*** Information provided Section Begins ***
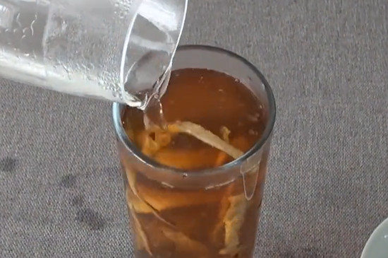 陈皮在泡水时可以兑茶,先将茶杯用沸水烫洗干净,再将3~5g陈皮2~3g普洱茶一并投入玻璃杯中,注入沸水冲泡,加盖焖泡10~15分钟后饮用。
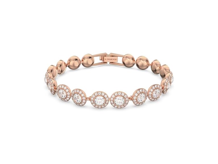 Pure, timeless sophistication. With a stunning mix of rose gold-tone plated metal and crystal pavé, this bracelet adds a feminine sparkle to any look. It combines perfectly with other pieces from the Angelic family. Wear it with a Swarovski watch for a stylish daytime look. The bracelet measures 17 cm.
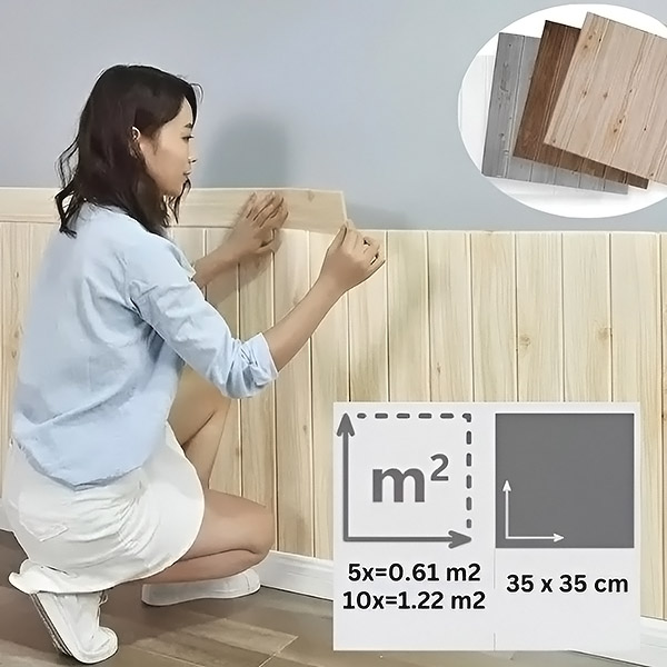 Kiekvienoje pakuotėje yra 5 vienetai (35×35 cm), dengiantys 0,61 m². Prieš pradėdami skaičiuokite, kiek pakuočių jums reikės pagal sienų plotą. Pirkite daugiau pakuočių didesnėms erdvėms ir naudokitės kiekio nuolaidomis!
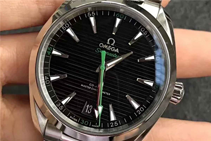 VS欧米茄海马系列150M绿针高尔夫款复刻腕表漆黑色表盘上的垂直纹理,大三针的设计。饰有绿色转印“Seamaster”(海马)字样,时间刻度和时标显示采用白色和绿色的设计,秒针也采用绿色的设计,令时间的读取一目了然,这充满活力的绿色不知又将令多少男士心醉了。
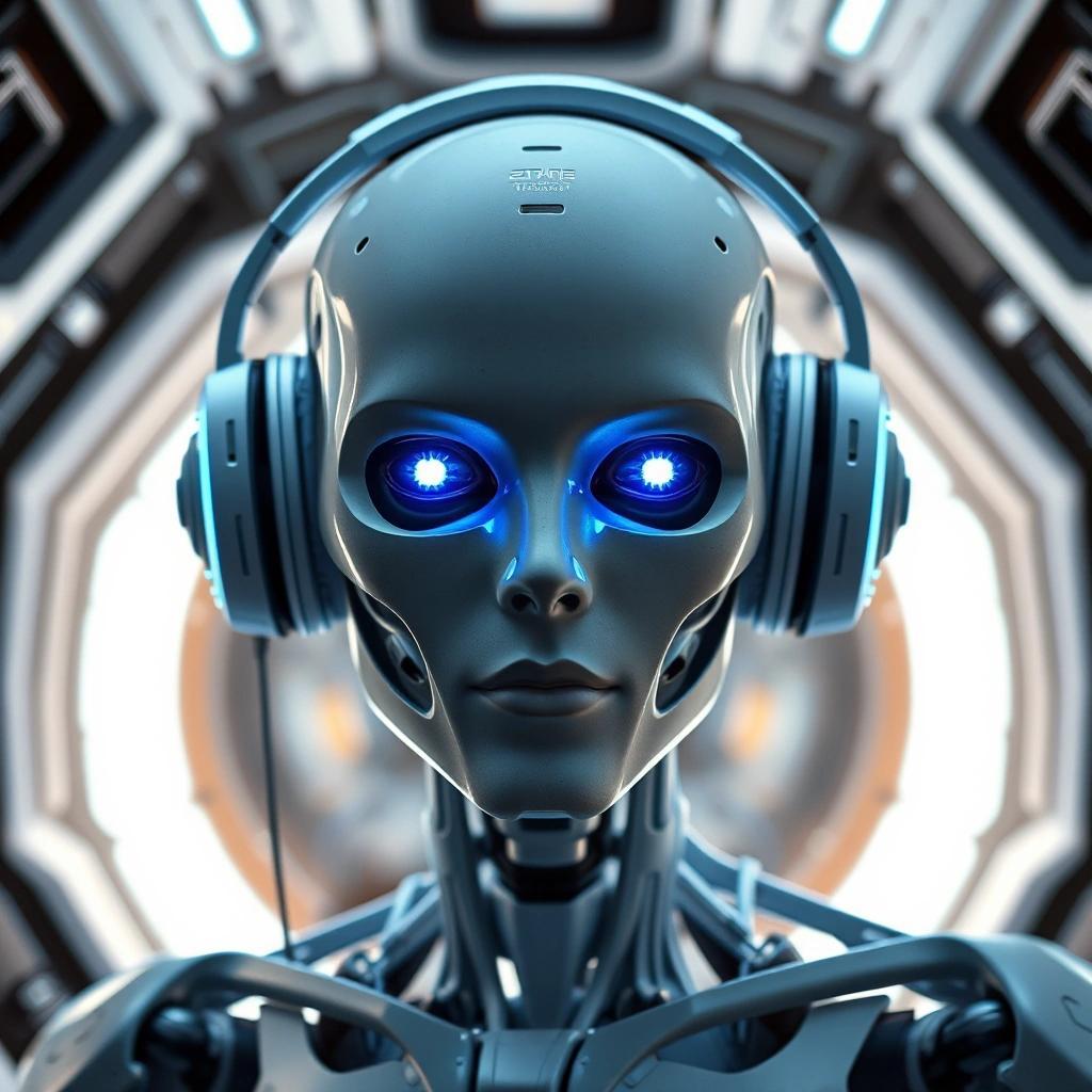 Prompt: a picture of a human with an android skeleton with dark blue glowing eyes and futuristic headphones. The context is a space ship
*** Information provided Section Ends ***
Work order: The line containing "Pure, timeless sophistication." and all lines after it, through the last line of the records, should be returned exactly. Omit the pictures.

Response to the task:
 Pure, timeless sophistication. With a stunning mix of rose gold-tone plated metal and crystal pavé, this bracelet adds a feminine sparkle to any look. It combines perfectly with other pieces from the Angelic family. Wear it with a Swarovski watch for a stylish daytime look. The bracelet measures 17 cm.
 Kiekvienoje pakuotėje yra 5 vienetai (35×35 cm), dengiantys 0,61 m². Prieš pradėdami skaičiuokite, kiek pakuočių jums reikės pagal sienų plotą. Pirkite daugiau pakuočių didesnėms erdvėms ir naudokitės kiekio nuolaidomis!
 VS欧米茄海马系列150M绿针高尔夫款复刻腕表漆黑色表盘上的垂直纹理,大三针的设计。饰有绿色转印“Seamaster”(海马)字样,时间刻度和时标显示采用白色和绿色的设计,秒针也采用绿色的设计,令时间的读取一目了然,这充满活力的绿色不知又将令多少男士心醉了。
 Prompt: a picture of a human with an android skeleton with dark blue glowing eyes and futuristic headphones. The context is a space ship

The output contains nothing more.